Above it all loomed the castle on this hill, its silhouette as sharp as thorns. By night, it was floodlit, bathed in eerie light, and this evening the sky hung low, full-bellied with snow, making gauzy halos around the street lamps. (25)

I mean, c'mon! How enchanting does that sound?

Which is why I found myself disappointed when two-thirds of the way through the novel, the setting changed from the magical backdrop of the capital of the Czech Republic to the fantasized world of Seraphim and Chimaera. Prague was so vivid to me, and as a result, Taylor's imagined world kind of made the story fade a little bit from my mind.

This, I recognize, is nit-picking since my life and travels have caused my readerly bias to prefer stories that take place in the real-world. However, if it hadn't been for that real-world setting, I'm not convinced I would have read this book. So while the book kept me engrossed enough to want to read the sequel, I do so with trepidation and hope that it returns to Prague, but given how the story ends, I'm thinking it probably won't.

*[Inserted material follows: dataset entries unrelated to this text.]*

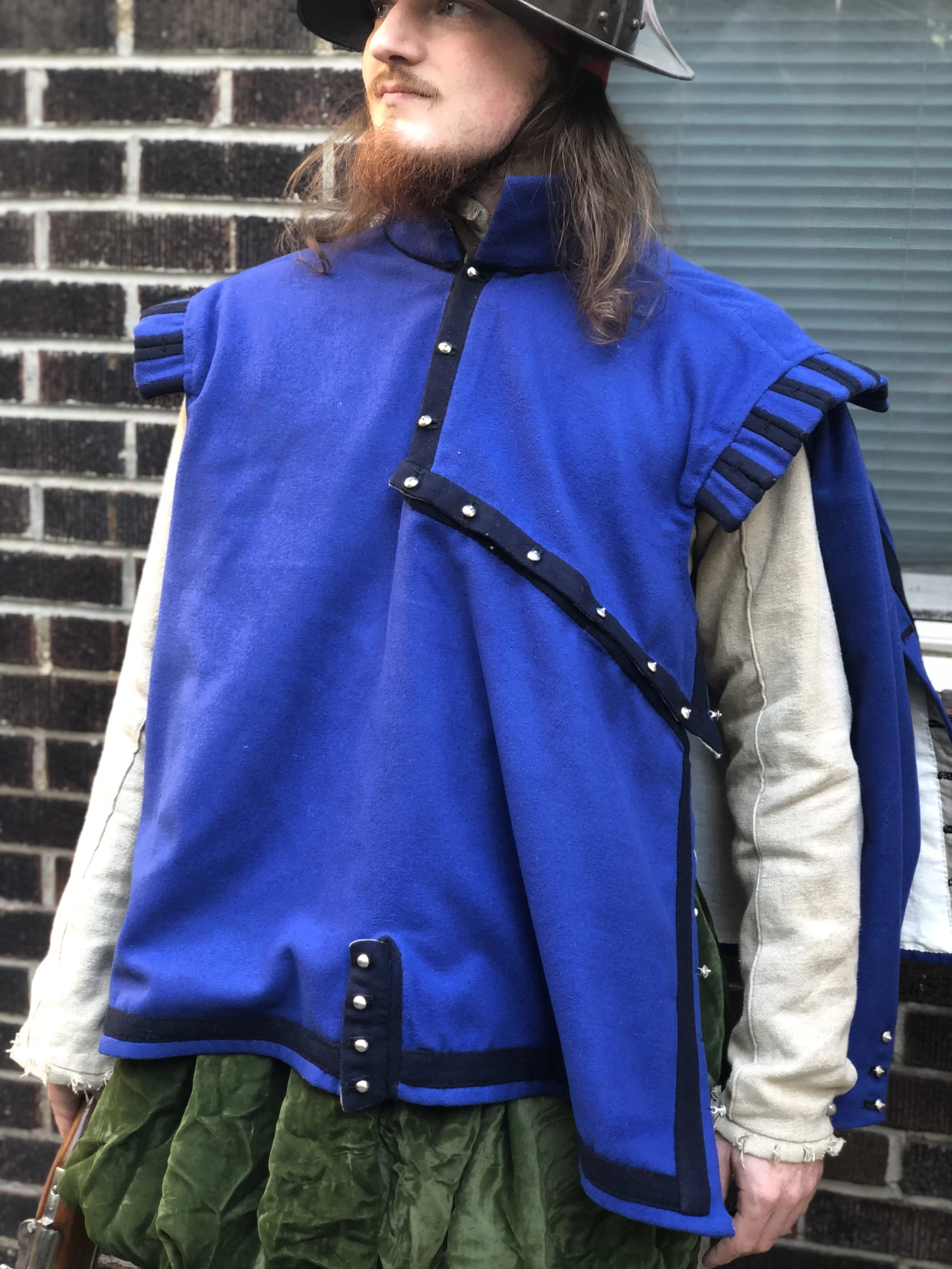The collar and sleeves sport welts in a contrasting fabric. This is seen in art and extant garments from the 17th century.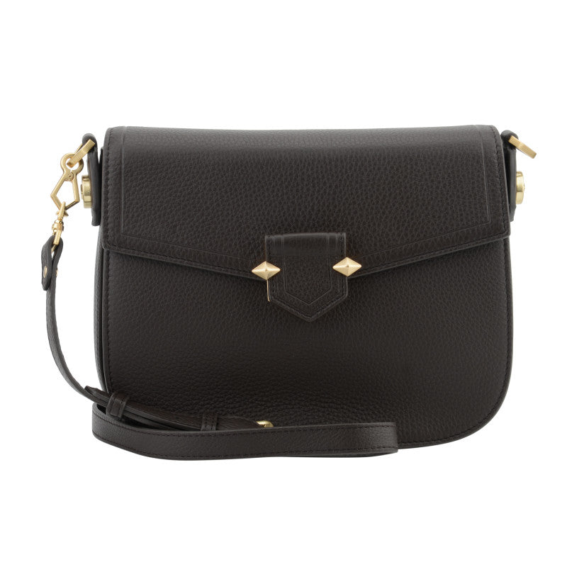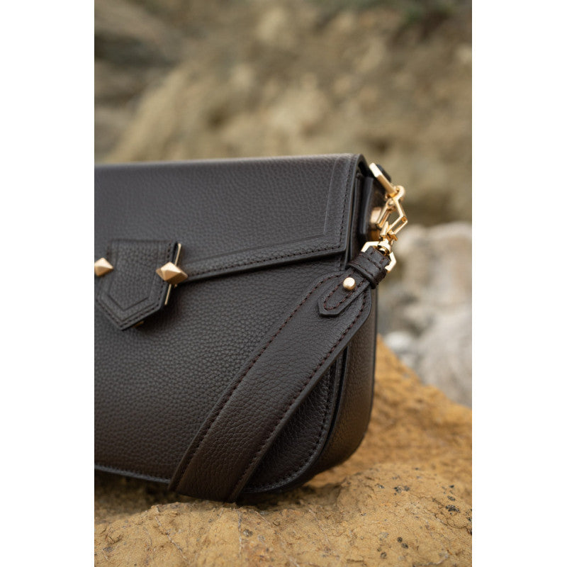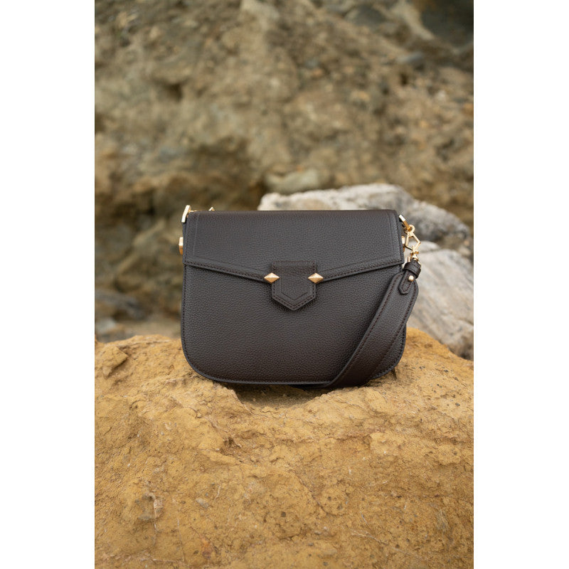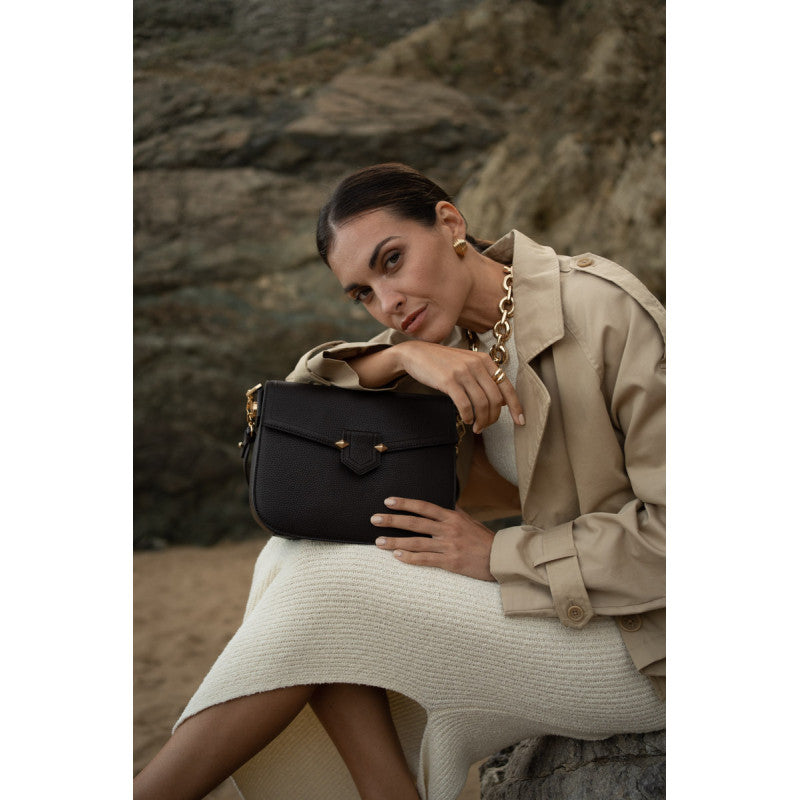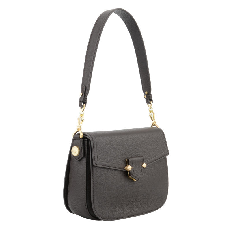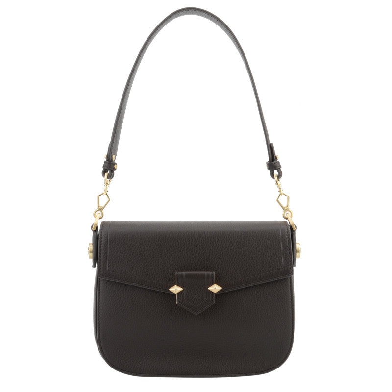 - Détails en métal doré : Le sac est orné de fermoirs et d'attaches en métal doré qui contrastent élégamment avec le cuir.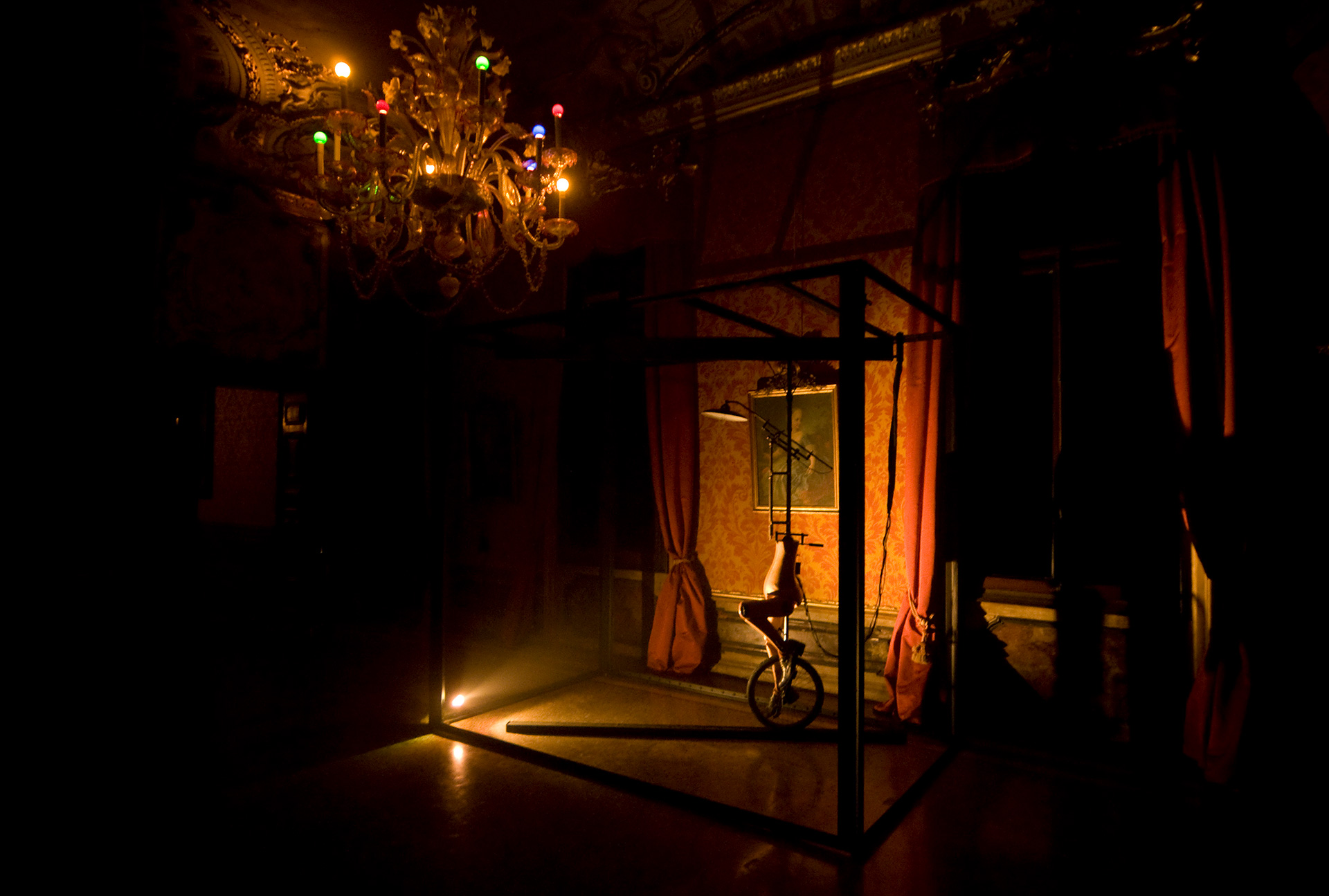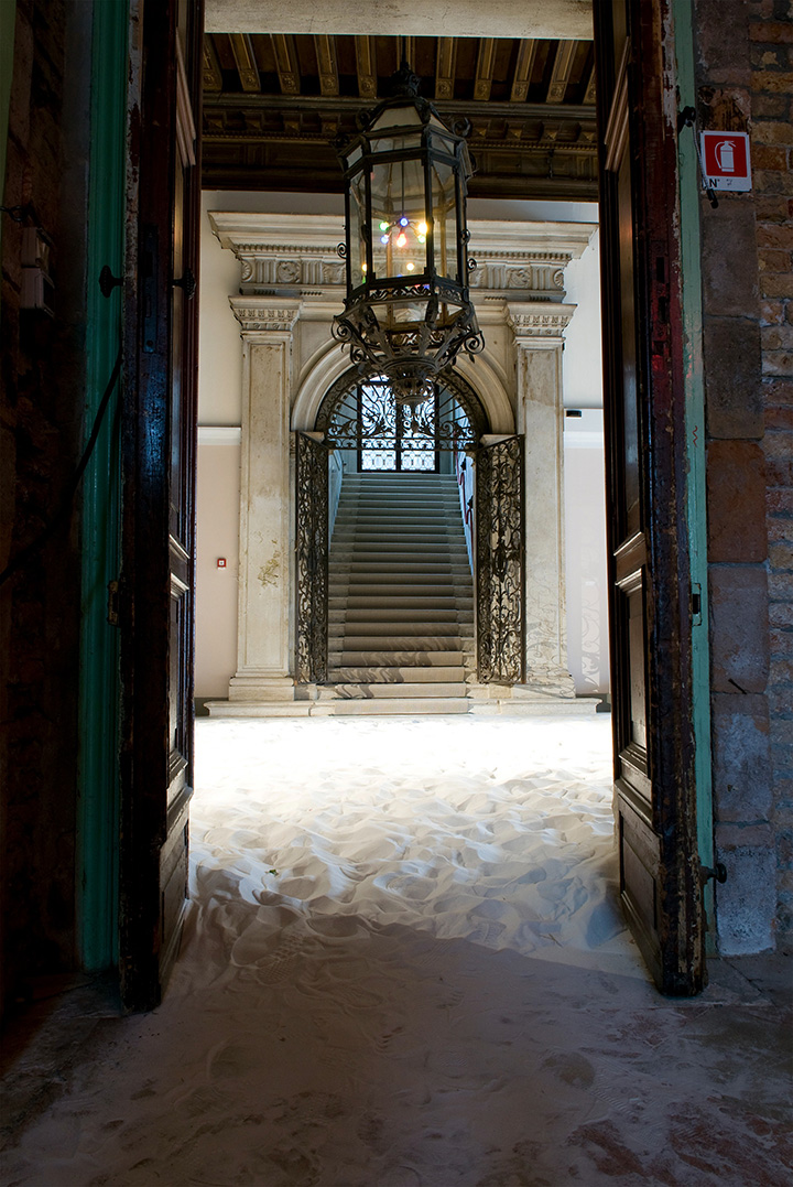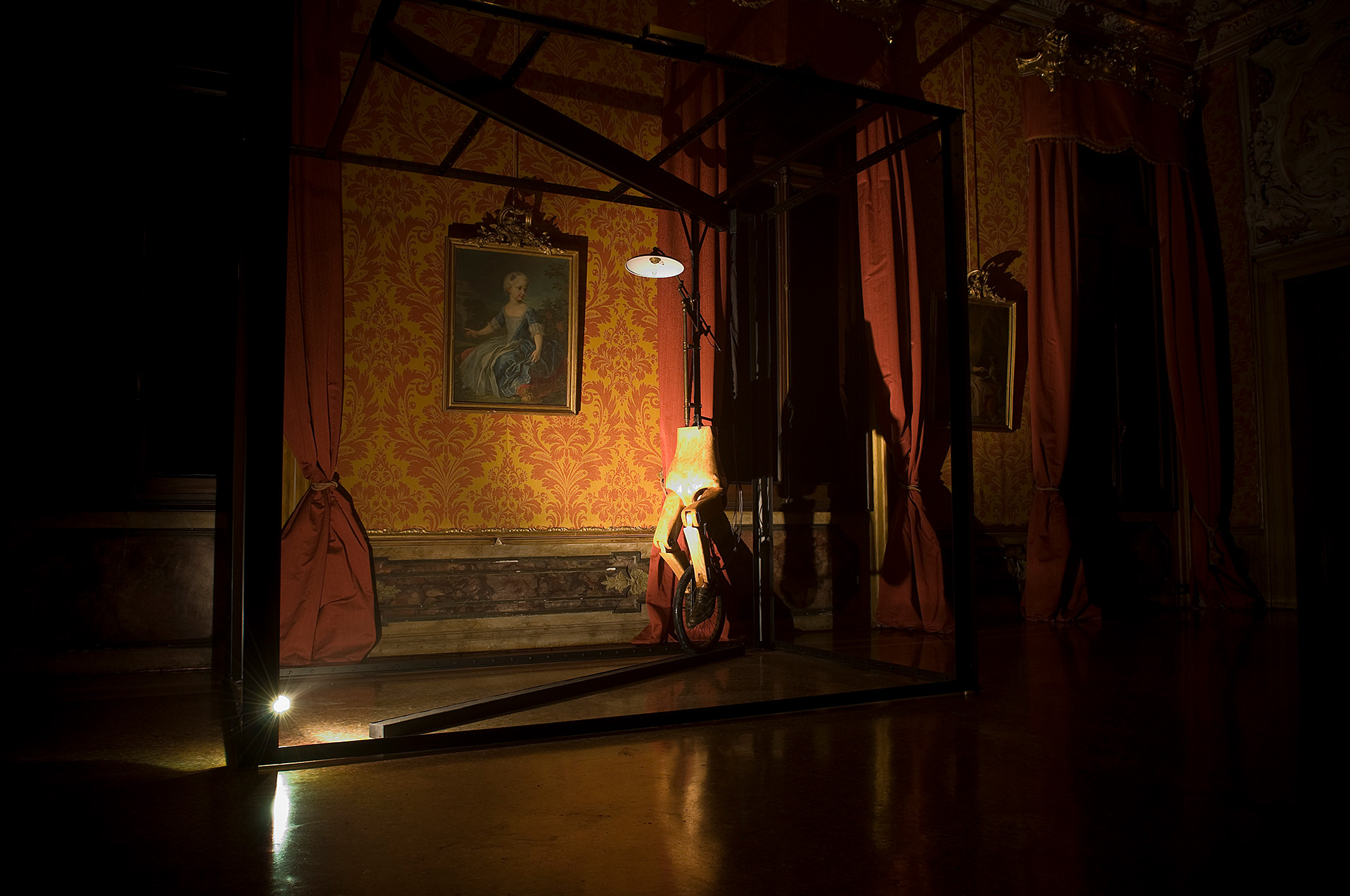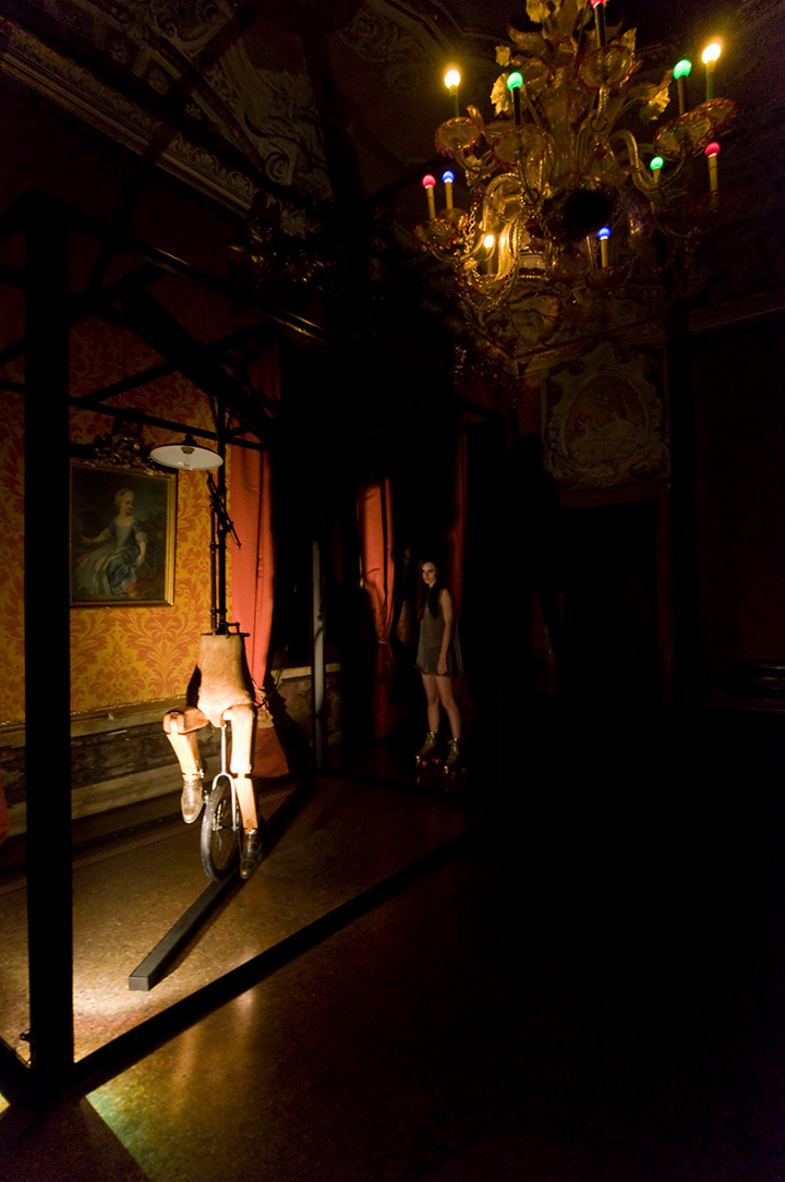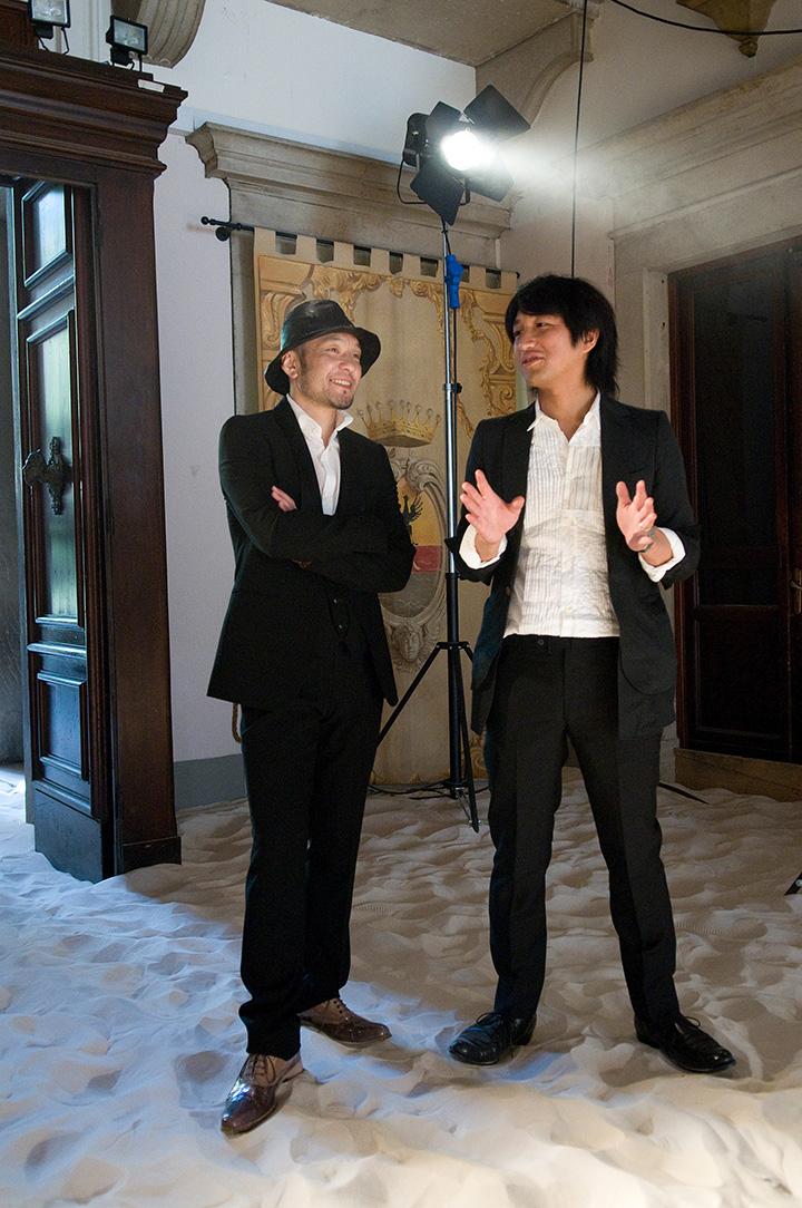 This is the basis for the collaborative effort between Illya Chichkan and Mihara Yasuhiro. Working together in the uncharted boundary where art and fashion meet, they examine the past, present and future of the Eurasian landscape through various cinema metaphors. Their four large-scale art installations include: light, sound, performance, advertising and the Palazzo Papadopoli itself as a film-set. Additionally, two large kinetic works by Mihara Yasuhiro addressing space and movement will also add to the assembly of exhibition. The installations are located inside the palazzo and in front of the Academia Bridge. Both artists demonstrate a single, unique vision regarding travel, identity and consciousness.
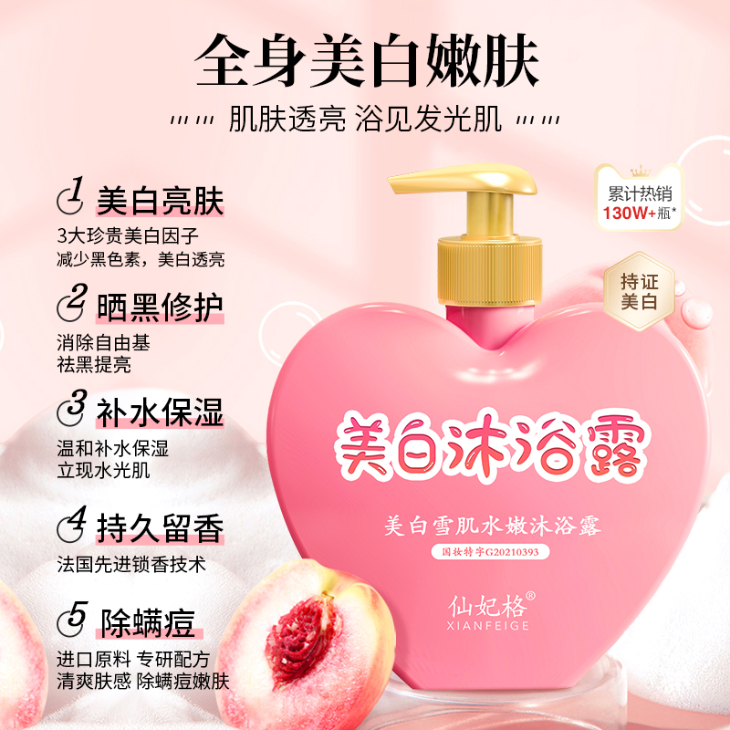 仙妃格美白沐浴露水蜜桃持久留香烟酰胺止痒女男士官方正品香水

This is still an amazing story and Laini Taylor deserves a huge amount of praise for her talent at being able to seek out and find just the right words. Her sentence structure and word placement is artful to say the least, masterful to say the most.

Daughter of Smoke and Bone by Laini Taylor
Published: September 27, 2011 by Little, Brown & Company
Pages: 420
Genre: Fantasy/Paranormal
Audience: Young Adult

Also check out my recap of Laini Taylor's visit to Nicola's Books in Ann Arbor, Michigan


  1. I bookmarked that same passage as well! I was nowhere near as enchanted with the real Prague as the Prague setting in this book. I loved how Taylor used the puppet theme too - very fitting.

  2. Oh Stephanie, I totally found Prague as enchanting as Taylor described it. Of course, I went in November so I think the cold helped to add to the spooky/magical air.